The Oilfield Trucking Industry Series – Part 3: New Ideas and Solutions
Contributing authors: Keith Richard, Vice President of Operations, Managed Transportation Services and Joe Looper, Manager, Carrier Relationships & Development
In parts one and two of this three part series, we discussed the challenges that the oil and gas industry is currently facing and what the landscape of the players in this industry look like. In this last part, we’ll address what all of this means for both the trucking companies and the oil and gas shippers.
Industry Expansion Leads to Change
There has certainly been a boom during the last five years in oilfield trucking within the U.S. The strong who were a part of the expansion and serve niche industry requirements like oil country tubular goods (OCTG) and produced water will survive. It will be tough going for those who did not save and whose operating costs for special equipment, like pneumatic trailers, are high. Nevertheless, oilfield trucking has been, is, and will be for the coming decade a portion of the trucking industry that encourages investment risks and is 365 24/7.
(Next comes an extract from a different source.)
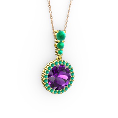 Ametist ve kök yakut 14 ayar altın kolye (40 cm gümüş rolo zincir)

And mergers and acquisitions within the industry are real and will continue. Several major transactions have been announced over the past year. Scores of regionally based, mom and pop carriers have undoubtedly gone belly up in this same time frame. Unfortunately, as an industry we have no way to empirically track information on the smaller carriers as there is no industry-wide group that specifically organizes or lobbies for oilfield trucking.
Solutions for a Sustainable Industry Environment
The question is sustainability. Sustainability for the oilfield trucking industry in coming years and up until the next boom will in part be measured by improved efficiencies in operating costs and its ability to plan for what the oil companies needs are in specific modes and geographies. So how can the industry create a sustainable model through the peaks and valleys?
Part of the solution is using proven supply chain processes that include technology, data and analytics, experienced oil and gas supply chain operations staff, and industry leading technology. And implementing and executing a supply chain operating model that will assist the oil and gas industry with a path toward sustainability is the way forward that will allow the giants and the mom and pops to ensure compliance to safety, and economic requirements, while further integrating all to a common goal of better operating and safety standards.
An efficient supply chain network is of the elements that can support a sustainable model by working with leaders and the trucking companies that have supported the industry for many years.
Can you think of other possible solutions for a sustainable oil and gas industry environment?